:: Dataset records

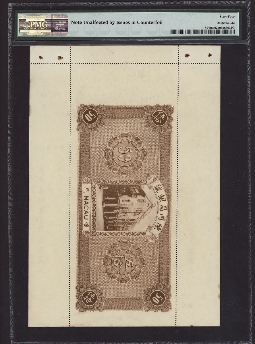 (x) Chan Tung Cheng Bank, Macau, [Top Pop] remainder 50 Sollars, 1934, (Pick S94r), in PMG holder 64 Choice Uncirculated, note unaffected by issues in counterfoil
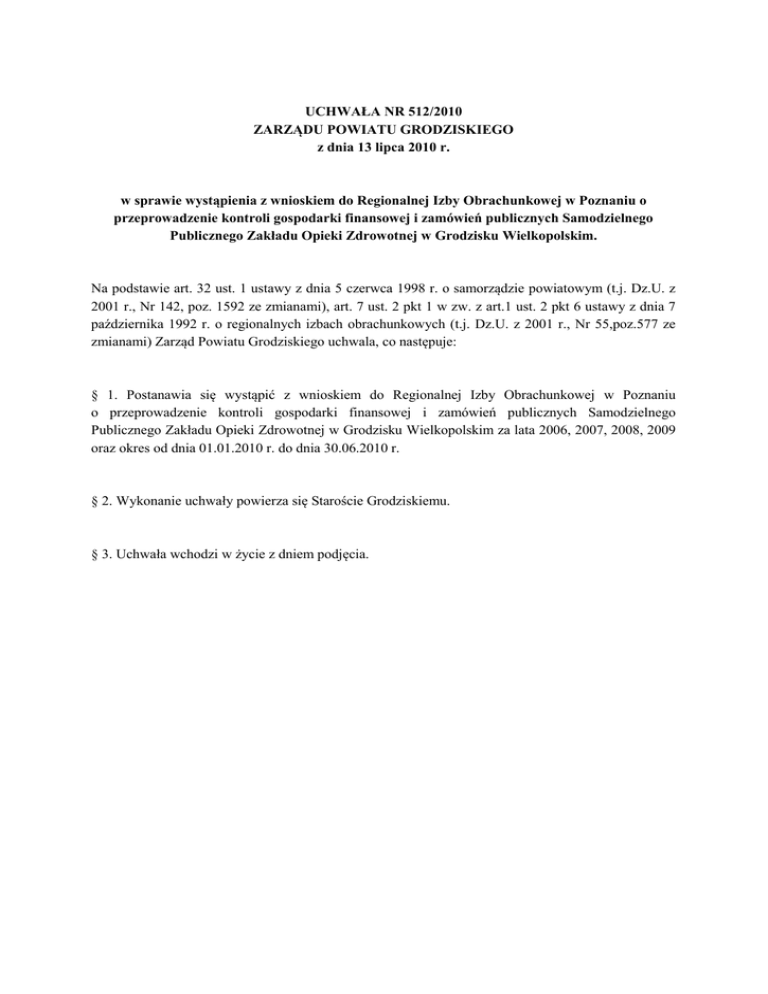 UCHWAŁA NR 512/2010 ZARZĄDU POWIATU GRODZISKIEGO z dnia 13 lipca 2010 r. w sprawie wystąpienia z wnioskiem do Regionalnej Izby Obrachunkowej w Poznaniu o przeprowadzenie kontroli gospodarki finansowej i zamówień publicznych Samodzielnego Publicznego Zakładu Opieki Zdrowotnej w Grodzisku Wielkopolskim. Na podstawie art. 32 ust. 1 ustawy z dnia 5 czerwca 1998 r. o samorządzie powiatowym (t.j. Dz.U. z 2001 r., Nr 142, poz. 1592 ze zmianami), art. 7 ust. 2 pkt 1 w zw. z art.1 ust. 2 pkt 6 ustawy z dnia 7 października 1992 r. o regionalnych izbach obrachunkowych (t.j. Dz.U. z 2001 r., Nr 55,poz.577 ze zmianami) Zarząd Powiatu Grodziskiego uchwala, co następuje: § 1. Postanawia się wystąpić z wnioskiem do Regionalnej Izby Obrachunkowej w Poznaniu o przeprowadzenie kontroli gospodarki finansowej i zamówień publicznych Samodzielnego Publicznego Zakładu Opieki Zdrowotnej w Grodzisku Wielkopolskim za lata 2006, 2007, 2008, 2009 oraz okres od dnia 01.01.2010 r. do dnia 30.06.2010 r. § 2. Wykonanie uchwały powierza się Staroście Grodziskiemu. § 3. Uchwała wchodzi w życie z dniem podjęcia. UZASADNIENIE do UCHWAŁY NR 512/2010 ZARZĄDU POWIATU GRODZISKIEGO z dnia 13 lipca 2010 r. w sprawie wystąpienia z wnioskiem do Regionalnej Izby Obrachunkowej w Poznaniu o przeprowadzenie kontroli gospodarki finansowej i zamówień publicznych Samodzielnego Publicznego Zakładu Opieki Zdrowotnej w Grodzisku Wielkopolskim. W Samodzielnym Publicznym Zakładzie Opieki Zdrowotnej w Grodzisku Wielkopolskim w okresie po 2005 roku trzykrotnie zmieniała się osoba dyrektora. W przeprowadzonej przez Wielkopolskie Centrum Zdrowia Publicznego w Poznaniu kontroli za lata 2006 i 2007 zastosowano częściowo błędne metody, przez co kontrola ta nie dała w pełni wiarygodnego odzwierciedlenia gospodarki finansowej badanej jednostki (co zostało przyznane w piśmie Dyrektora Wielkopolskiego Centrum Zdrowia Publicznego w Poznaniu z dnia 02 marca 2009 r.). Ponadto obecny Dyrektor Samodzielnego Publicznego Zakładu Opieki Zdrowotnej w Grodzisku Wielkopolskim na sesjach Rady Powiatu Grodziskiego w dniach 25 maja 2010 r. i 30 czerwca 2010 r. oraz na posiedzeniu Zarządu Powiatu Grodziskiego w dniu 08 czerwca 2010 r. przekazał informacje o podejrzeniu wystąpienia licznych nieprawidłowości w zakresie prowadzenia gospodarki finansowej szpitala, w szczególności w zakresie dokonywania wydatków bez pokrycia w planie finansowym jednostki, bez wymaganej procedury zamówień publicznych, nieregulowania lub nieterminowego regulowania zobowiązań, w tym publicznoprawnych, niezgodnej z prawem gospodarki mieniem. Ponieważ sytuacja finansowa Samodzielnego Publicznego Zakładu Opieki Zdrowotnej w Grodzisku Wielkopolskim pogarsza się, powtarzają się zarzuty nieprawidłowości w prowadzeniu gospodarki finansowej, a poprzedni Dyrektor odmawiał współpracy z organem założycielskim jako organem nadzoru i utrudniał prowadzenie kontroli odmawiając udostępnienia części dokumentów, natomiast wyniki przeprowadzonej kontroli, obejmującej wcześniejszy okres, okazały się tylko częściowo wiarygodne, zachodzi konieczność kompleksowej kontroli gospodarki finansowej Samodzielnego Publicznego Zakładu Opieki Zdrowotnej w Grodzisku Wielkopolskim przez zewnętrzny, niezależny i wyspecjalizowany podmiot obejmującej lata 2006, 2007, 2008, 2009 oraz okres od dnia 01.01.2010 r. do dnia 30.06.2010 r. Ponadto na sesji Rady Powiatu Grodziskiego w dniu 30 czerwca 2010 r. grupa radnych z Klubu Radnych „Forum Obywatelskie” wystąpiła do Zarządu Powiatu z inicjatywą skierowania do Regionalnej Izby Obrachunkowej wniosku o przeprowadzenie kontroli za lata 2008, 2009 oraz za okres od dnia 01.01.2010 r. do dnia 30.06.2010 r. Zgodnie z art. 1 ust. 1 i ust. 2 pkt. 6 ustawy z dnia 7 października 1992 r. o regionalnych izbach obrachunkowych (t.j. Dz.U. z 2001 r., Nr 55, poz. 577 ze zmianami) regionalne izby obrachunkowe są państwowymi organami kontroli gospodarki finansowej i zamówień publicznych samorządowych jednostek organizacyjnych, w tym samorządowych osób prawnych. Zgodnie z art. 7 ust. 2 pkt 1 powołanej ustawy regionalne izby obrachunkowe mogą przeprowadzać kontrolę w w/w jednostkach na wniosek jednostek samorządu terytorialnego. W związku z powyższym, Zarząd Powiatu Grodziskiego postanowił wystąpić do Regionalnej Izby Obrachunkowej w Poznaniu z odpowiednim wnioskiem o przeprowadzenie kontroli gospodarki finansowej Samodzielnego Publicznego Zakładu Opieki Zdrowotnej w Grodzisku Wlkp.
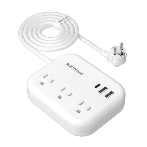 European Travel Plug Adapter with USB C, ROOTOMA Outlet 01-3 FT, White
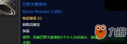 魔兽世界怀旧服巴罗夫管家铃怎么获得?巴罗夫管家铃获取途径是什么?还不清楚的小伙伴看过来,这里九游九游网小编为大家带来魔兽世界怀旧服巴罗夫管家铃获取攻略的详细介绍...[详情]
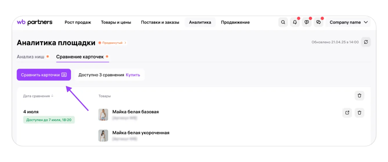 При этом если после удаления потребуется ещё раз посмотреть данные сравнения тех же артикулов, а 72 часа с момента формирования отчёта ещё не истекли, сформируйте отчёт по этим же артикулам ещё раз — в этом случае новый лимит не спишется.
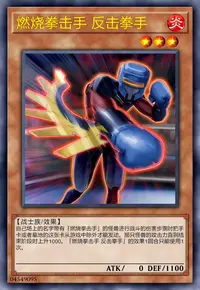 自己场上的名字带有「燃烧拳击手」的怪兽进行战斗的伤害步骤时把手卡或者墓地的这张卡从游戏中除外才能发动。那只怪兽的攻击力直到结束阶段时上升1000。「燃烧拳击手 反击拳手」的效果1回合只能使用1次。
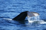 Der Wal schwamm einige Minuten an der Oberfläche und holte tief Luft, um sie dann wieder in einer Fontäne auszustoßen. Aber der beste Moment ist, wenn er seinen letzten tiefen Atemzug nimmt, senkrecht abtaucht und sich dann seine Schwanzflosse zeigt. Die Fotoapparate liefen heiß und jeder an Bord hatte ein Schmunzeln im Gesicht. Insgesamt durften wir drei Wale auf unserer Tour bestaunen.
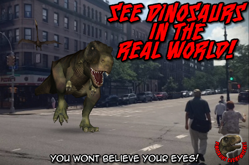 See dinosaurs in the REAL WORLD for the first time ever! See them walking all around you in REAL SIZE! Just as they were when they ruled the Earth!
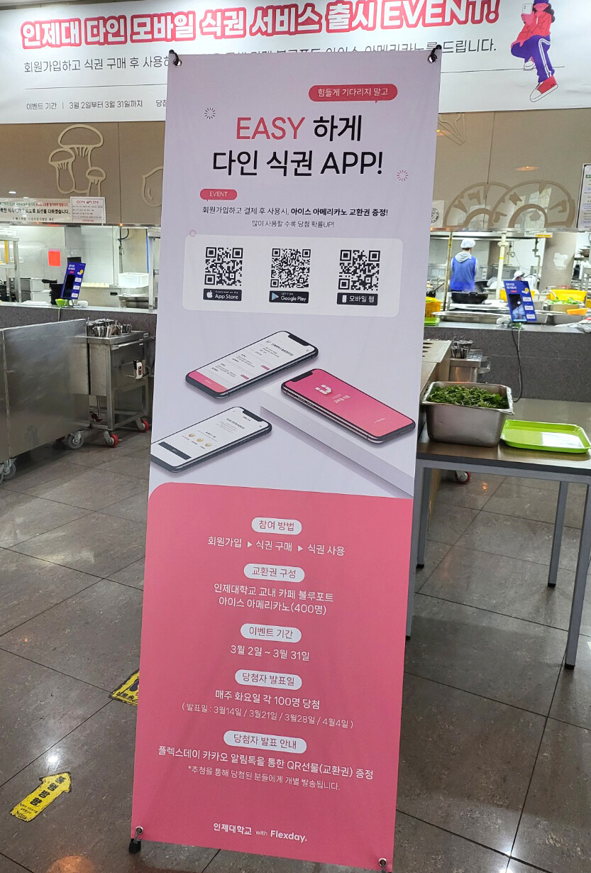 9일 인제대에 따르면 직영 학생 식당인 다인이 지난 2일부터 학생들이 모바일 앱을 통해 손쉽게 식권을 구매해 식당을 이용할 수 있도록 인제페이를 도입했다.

::::

With the pictures left out, please output each line from the one containing "See dinosaurs in" through the end of the entries, exactly as it is.

● **Task result**
 See dinosaurs in the REAL WORLD for the first time ever! See them walking all around you in REAL SIZE! Just as they were when they ruled the Earth!
 9일 인제대에 따르면 직영 학생 식당인 다인이 지난 2일부터 학생들이 모바일 앱을 통해 손쉽게 식권을 구매해 식당을 이용할 수 있도록 인제페이를 도입했다.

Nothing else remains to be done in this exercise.